Simple Properties and Derived Properties (was: Re: Normalization of Hangul)

Thu Feb 21 00:33:12 CET 2008

Patrik said:

> I do though in the ruby implementation now use the derived property  
> value Default_Ignorable_Codepoint, and not the base properties. I  
> would like to go back to use the original properties -- at least for  
> the implementation -- so I can really say I have implemented things  
> from the base properties of the Unicode Standard when I am asked  
> whether there are interoperable implementations.

I would not advise doing so. Using Default_Ignorable_Code_Point
is the correct thing to do, and is using the Unicode
character properties as intended.

The Unicode Standard doesn't actually have a concept of
a "base property" (in part because that term would be
ambiguous for "property of a base character"), but I
think what you are getting at is the distinction made
on p. 89 of the standard between:

D45 Simple property
D46 Derived property

The thing is, however, that a "derived property" in the Unicode
Standard is not a second-class citizen.

Many simple properties in the Unicode Character Database are
defined *only* to contribute to the derivation and/or
stabilization of important derived properties.

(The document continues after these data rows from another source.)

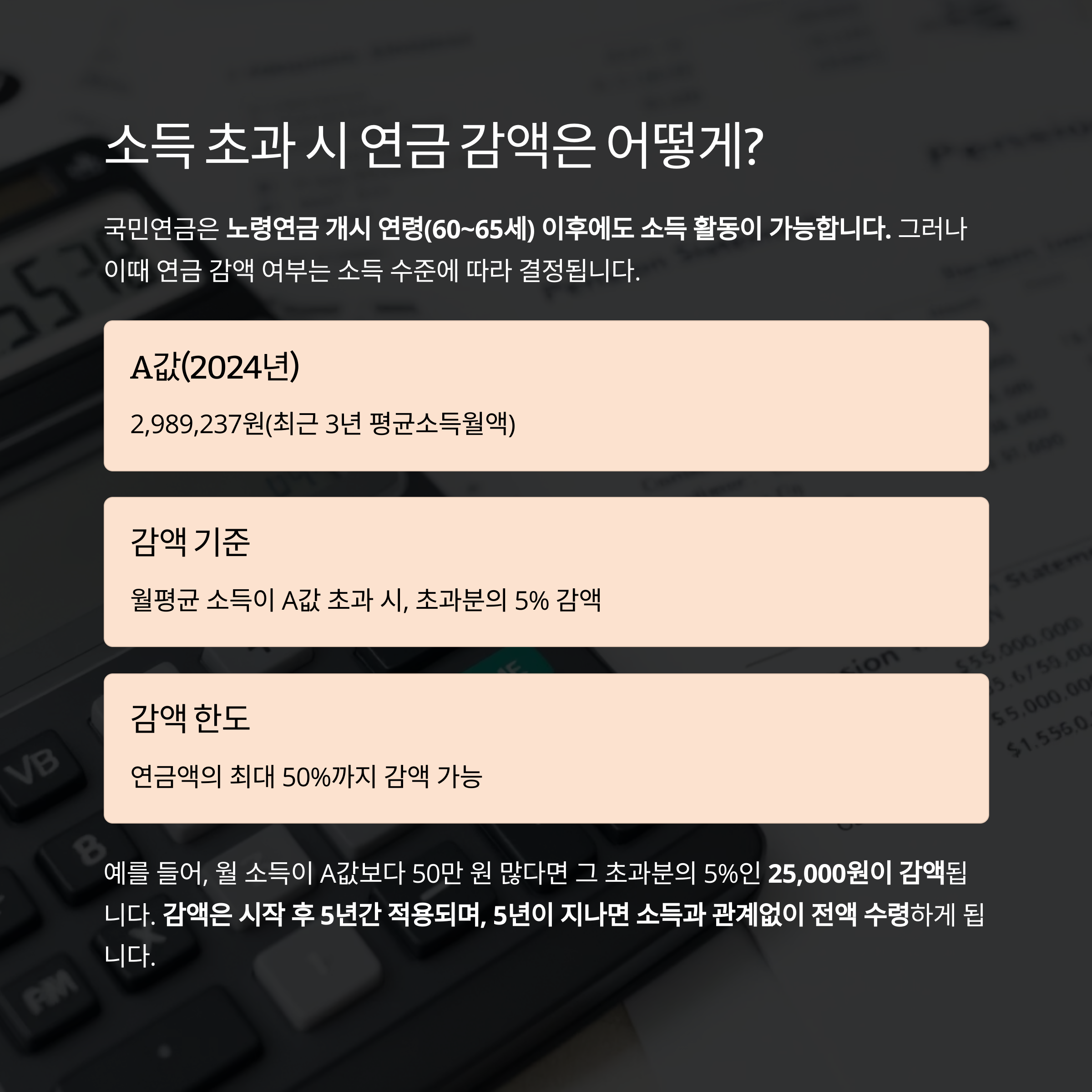소득 활동 가능하지만, 일정 기준 초과 시 연금 감액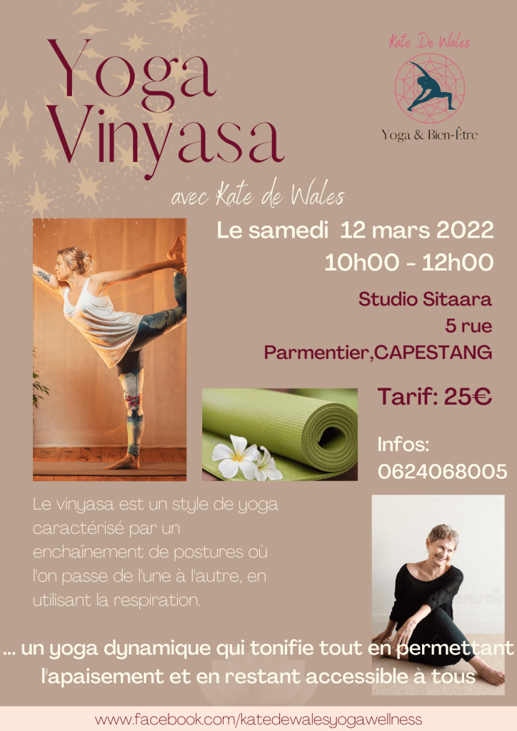 Atelier de Yoga Vinyasa le 12/03/2022 de 10h à 12h Publié parstudiositaaracapestang2 mars 20222 mars 2022Publié dansEvenement Atelier de Yin Vinyasa animé par Kate le 12 Mars 2022 de 10h à 12h Lien de l’événement Facebook : par ici Partager : Cliquer pour partager sur X(ouvre dans une nouvelle fenêtre) X Cliquez pour partager sur Facebook(ouvre dans une nouvelle fenêtre) Facebook J’aime chargement…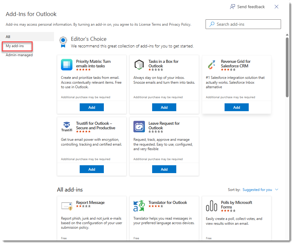 On the left pane, click My add-ins.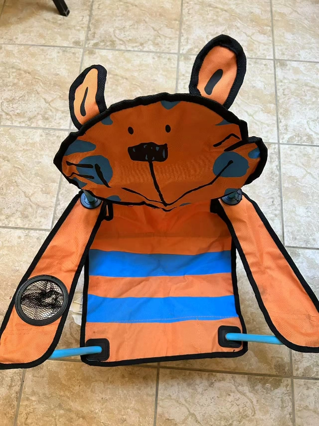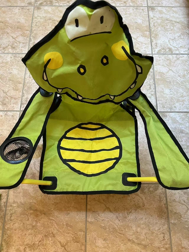 Two adorable foldable kids' chairs. Tiger and dinosaur. Lightweight and portable. Perfect for indoor or outdoor use. Great for picnics, camping, or playtime. $10 each.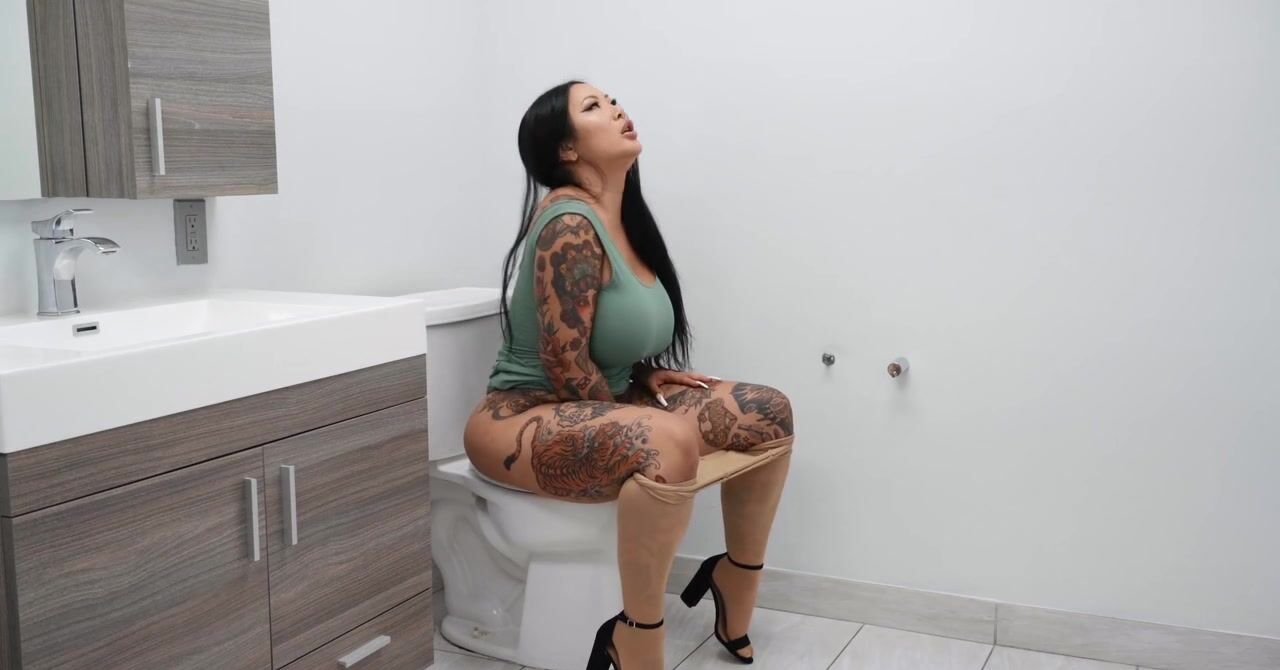 «Красивая азиатка в туалете поднимает платье и показывает свой крепкий член перед другой азиаткой, которая имеет татуированное тело и большие натуральные сиськи. Эта цыпочка с удовольствием опускается на колени и сосет хер трансексуалки, доставляя ей удовольствие. А далее голодная до ебли развратница отдается в пизду и наслаждается вагинальным сексом. Когда проливается сперма на зеркало, она слизывает её.»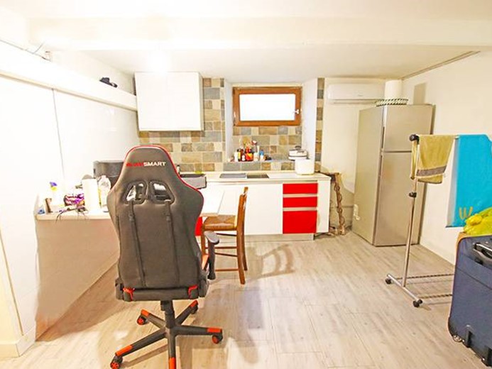 Al piano rialzato il monolocale è composto da un unico ambiente con cucina e living con accesso dal terrazzo privato e dal giardino, disimpegno ampio, bagno finestrato interno.

Among the first-class *derived* properties important for
implementations are: Uppercase, Lowercase, XID_Start,
XID_Continue, Math, and yes, Default_Ignorable_Code_Point
(all listed in DerivedCoreProperties.txt). Another collection
of derived properties important to optimized implementations of
normalization are in DerivedNormalizationProps.txt.

Implementations should *use* the derived properties, and not
try to rederive them from lists of simple properties and
collections of rules, because of the chances for error and
divergence when doing so.

A user (as opposed to a maintainer) of the Unicode
Standard should see Default_Ignorable_Code_Point as
just another character property and use it at face value.

--Ken